2

I am developing a small plugin in which I would like to create a dropdown menu that would enable the user to choose among a list of polygons (stored in a PostGIS database) according to their names.

Here is a sample of what I tried so far :

self.sql1 = '(SELECT * FROM schema.layer1 WHERE layer1.name =' + str(dlg.comboBox.currentText()) + ')'
self.uri.setDataSource('', self.sql1, 'geom', '', 'id')
self.layer1 = QgsVectorLayer(self.uri.uri(), "layer1", "postgres")


if self.layer1.isValid:
    self.Project.addMapLayer(self.layer1)
else:
    print('Chargement de la couche: echec !')

# Créer un dossier dont le nom est un attribut du champs 'name' de la couche active

idx = self.interface.activeLayer().fields().indexFromName('name')

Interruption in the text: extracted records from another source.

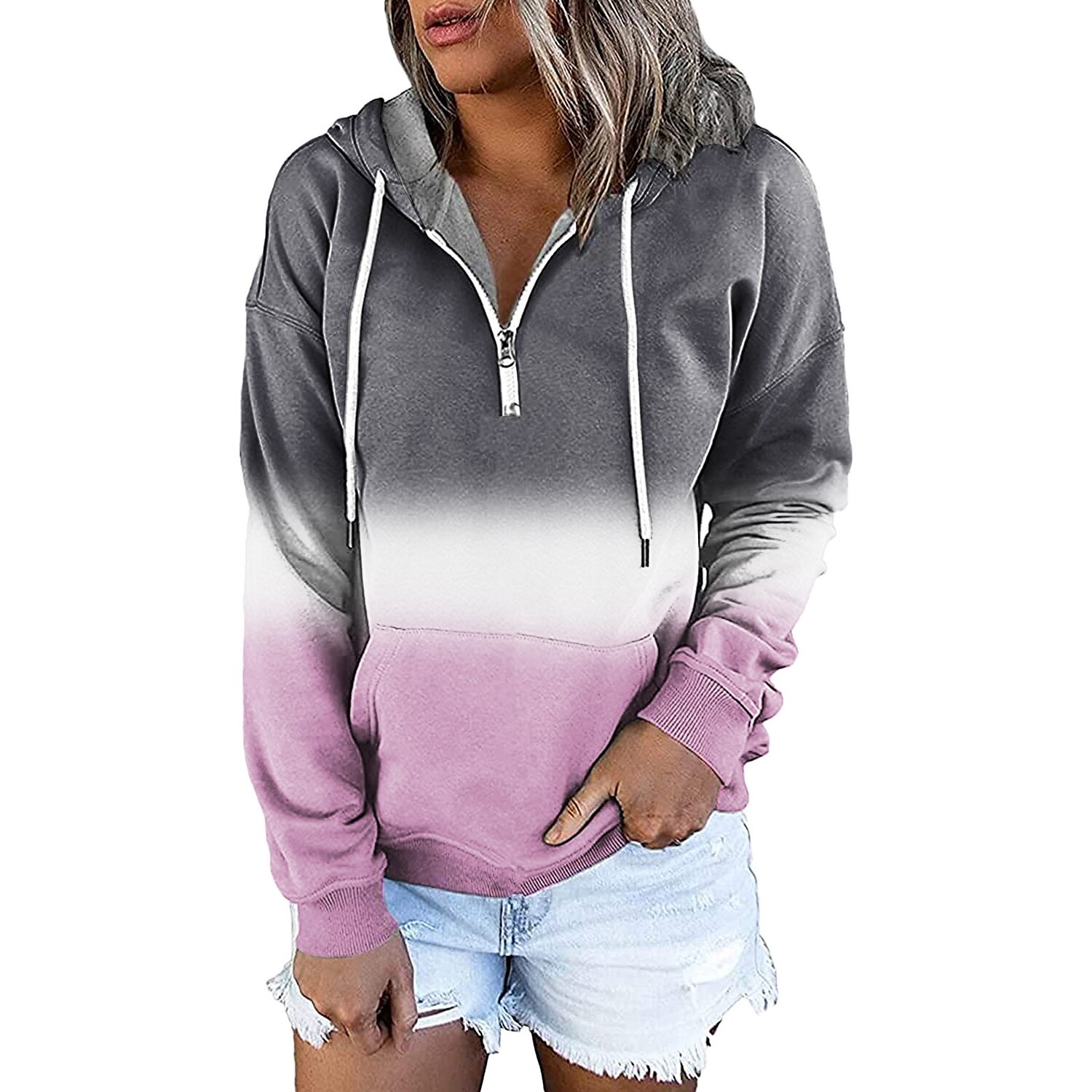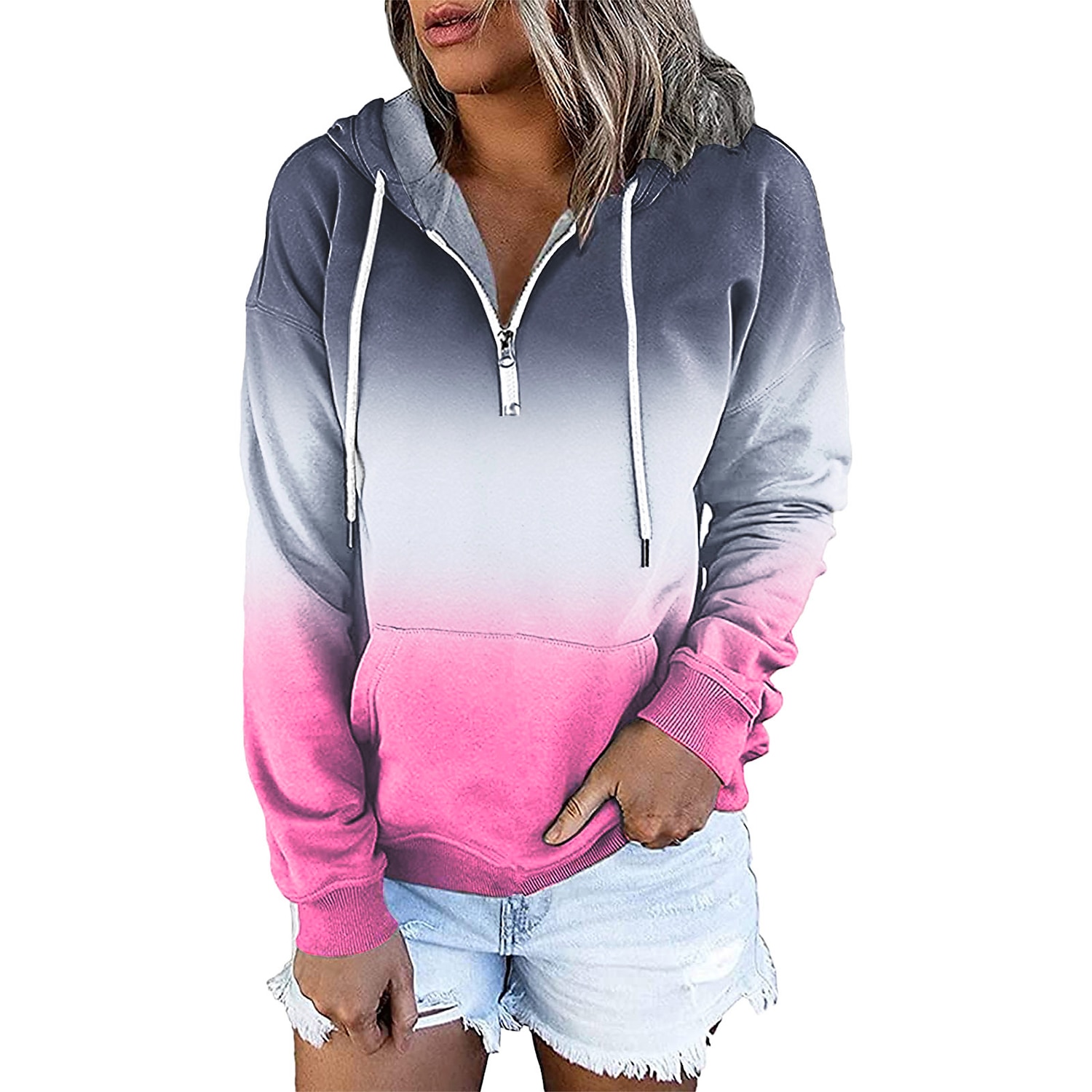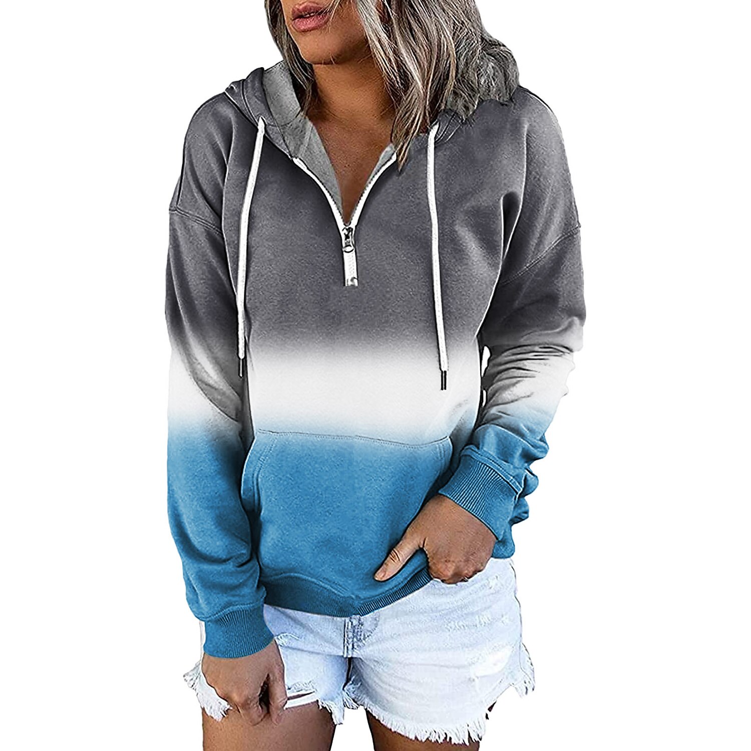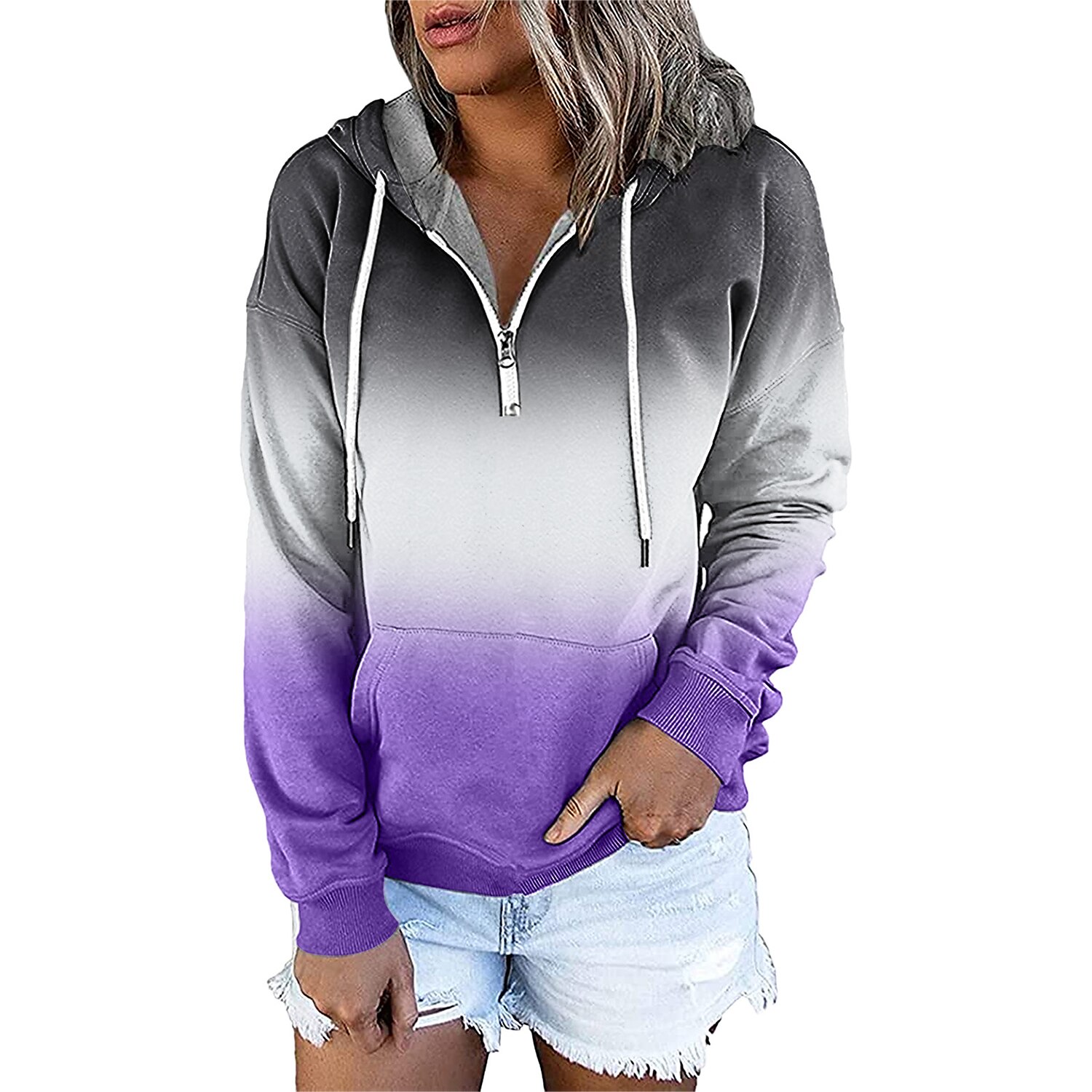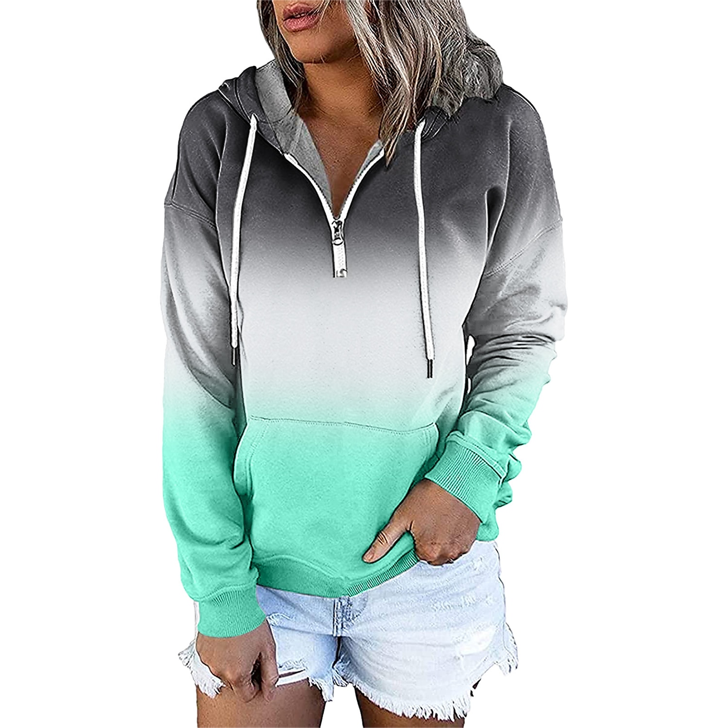 Women's Hoodie Sweatshirt Pullover Streetwear Casual Front Pocket Green Blue Purple Gradient Casual Hooded Long Sleeve S M L XL XXL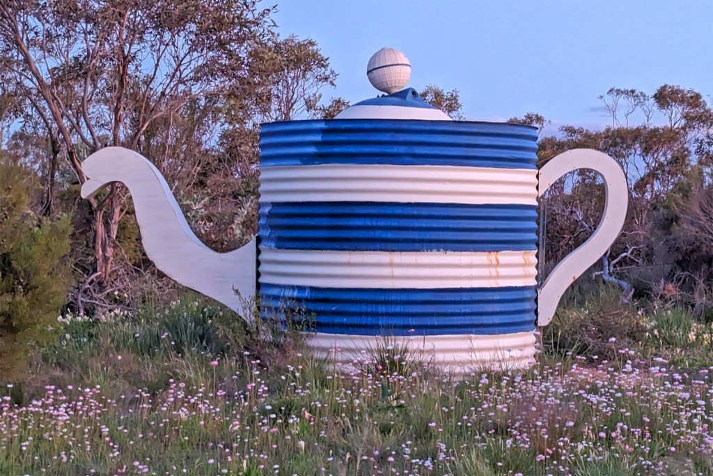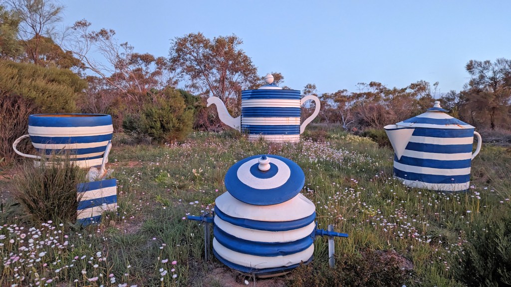 Down the road we saw The Big Teapot. As much as I’ve chai-ed , its been oolong time since I saw such a grand teapot. These guys in the Ravensthorpe District are high achievers because not only do you get to see the Big Teapot, but also on the farmers propertea ….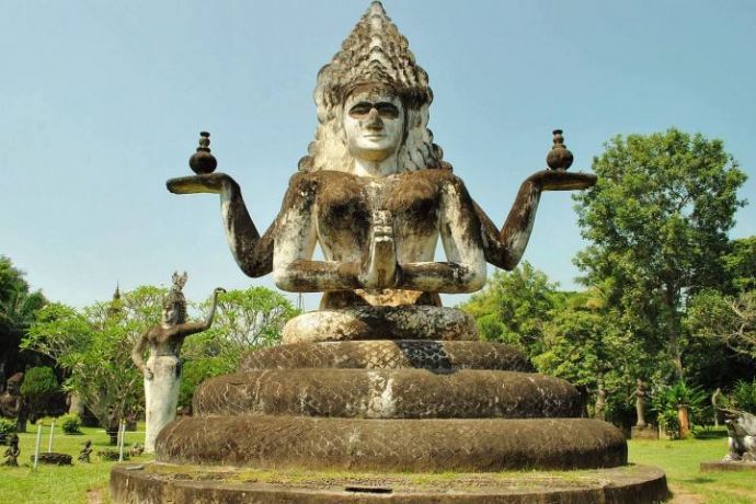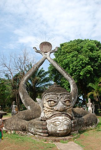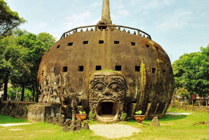 坐落在首都萬象東南部湄公河畔上的香昆寺(又叫佛像公園),寺如其名,公園里到處都是千姿百態(tài)的佛像和雕塑,這是一個(gè)怪人荒誕野心的紀(jì)念物。它的創(chuàng)建者創(chuàng)建者班勒威·蘇里拉是一名泰國僧侶,他將印度教和佛教的哲學(xué)思想、傳說和肖像學(xué)融會貫通,組合成一個(gè)神秘的整體。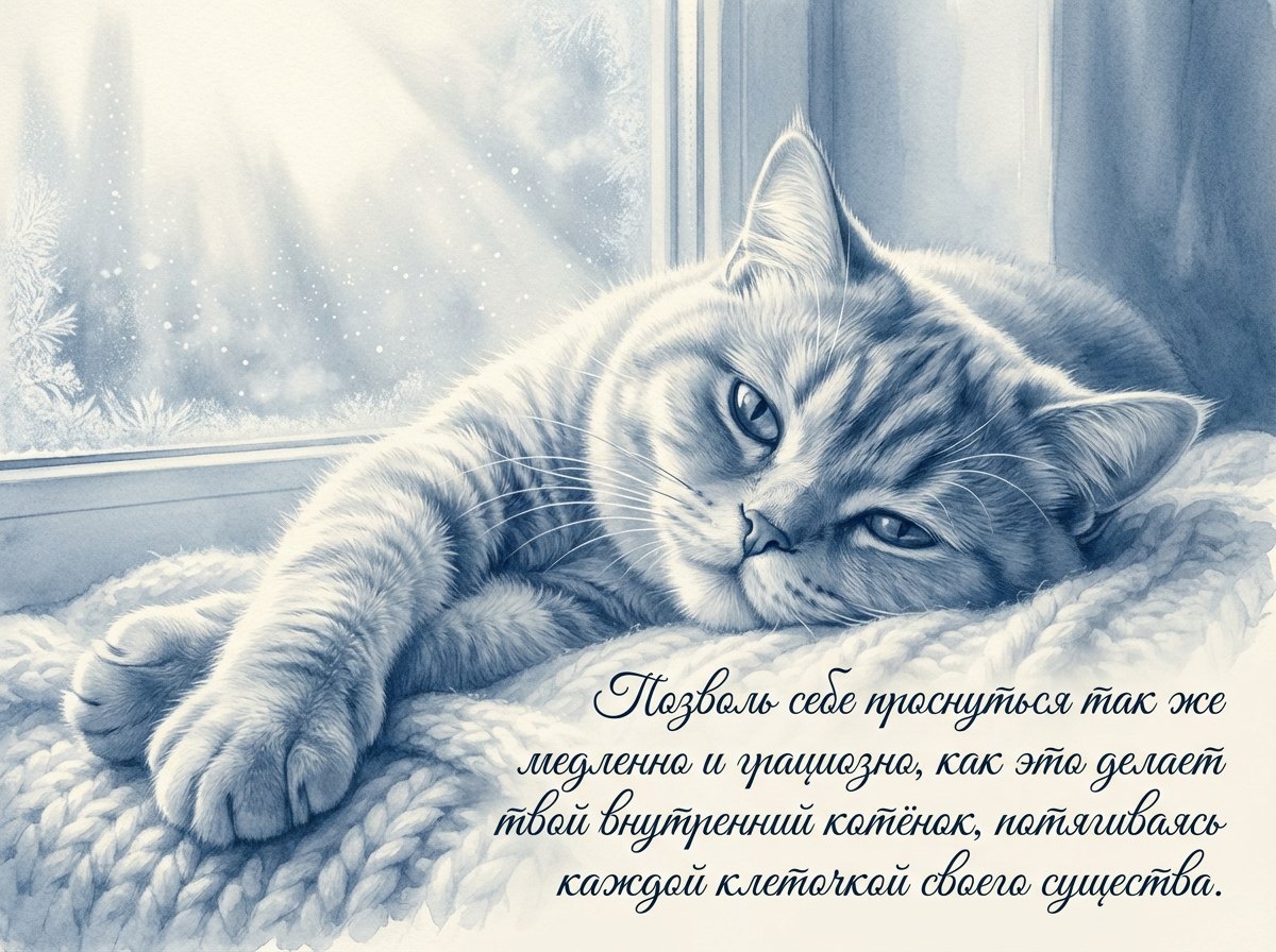 С добрым утром, мой человек. Чувствуешь, как неспешно пробуждается мир? Посмотри, сегодня День заказов подарков и написания писем Деду Морозу — волшебное время, чтобы поверить в свои самые светлые мечты. Позволь себе проснуться так же медленно и грациозно, как это делает твой внутренний котёнок, потягиваясь каждой клеточкой своего существа. Не торопись сразу бросаться в дела, а сначала прислушайся к тихому мурчанию своей души. Позволь этому дню начаться с ощущения тепла и предвкушения маленьких чудес, будто солнечный зайчик, за которым так интересно наблюдать. Пусть твои мысли будут лёгкими и игривыми, а сердце наполнено таким же безмятежным доверием, с каким я сворачиваюсь клубочком на твоих коленях. Сегодня день для того, чтобы загадывать желания и верить — они обязательно сбудутся.

self.path = "C:/folder/name_layer1_"

for feat in self.interface.activeLayer().getFeatures():
    self.attrs = feat.attributes()
    if os.path.exists(self.path + self.attrs[idx]) == False :
        os.makedirs(self.path + self.attrs[idx])

                # Sauvegarde du shp dans le dossier créé

QgsVectorFileWriter.writeAsVectorFormat(self.layer1, self.path + self.attrs[idx] + '/layer1.shp', "utf-8",self.layer1.crs(), "ESRI Shapefile")

Unfortunately I get a warning I can't solve:

QgsVectorFileWriter.writeAsVectorFormat(self.layer1, self.path + self.attrs[idx] + '/layer1.shp', "utf-8",self.layer1.crs(), "ESRI Shapefile") AttributeError: 'Test1Plugin' object has no attribute 'attrs'

What I don't understand is that I don't face any problem when I don't add a combobox :

self.sql1 = '(SELECT * FROM schemaA.layer1 WHERE layer1.name = \'D27-16\')'
self.uri.setDataSource('',self.sql1,'geom','','id')
self.layer1 = QgsVectorLayer(self.uri.uri(), "layer1", "postgres")

or when I use the primary key of layer1 in the comboBox :

self.sql1 = '(SELECT * FROM schema.layer1 WHERE layer1.id=' + str(dlg.comboBox.currentText()) + ')'
self.uri.setDataSource('', self.sql1, 'geom', '', 'id')
self.layer1 = QgsVectorLayer(self.uri.uri(), "layer1", "postgres")

Does someone see what I'm missing?

4
  • Is it because of that: gis.stackexchange.com/a/112413/162856 ? – wanderzen Jan 6 at 14:01
  • 3
    Yes, when you have an id, your string returns layer1.id = 5 for example, this is correct. When it is a name, it's characters, so, you must quoting the name so layer1.name = \'' + your_dialog + '\'' will return layer1.name = 'D27-16'. – J. Monticolo Jan 6 at 14:02
  • 1
    Be sure self.layer1.featureCount() is not zero. – Kadir Şahbaz Jan 6 at 14:19
  • 2
    Again, thank you very much J.Monticolo ! It was driving me crazy !! You can post your comment as an answer ! – wanderzen Jan 6 at 14:19
2

It's a missing quotes error.

A good advice to debug queries build like this or all strings build with variables, it's just to print the result to see if it's good.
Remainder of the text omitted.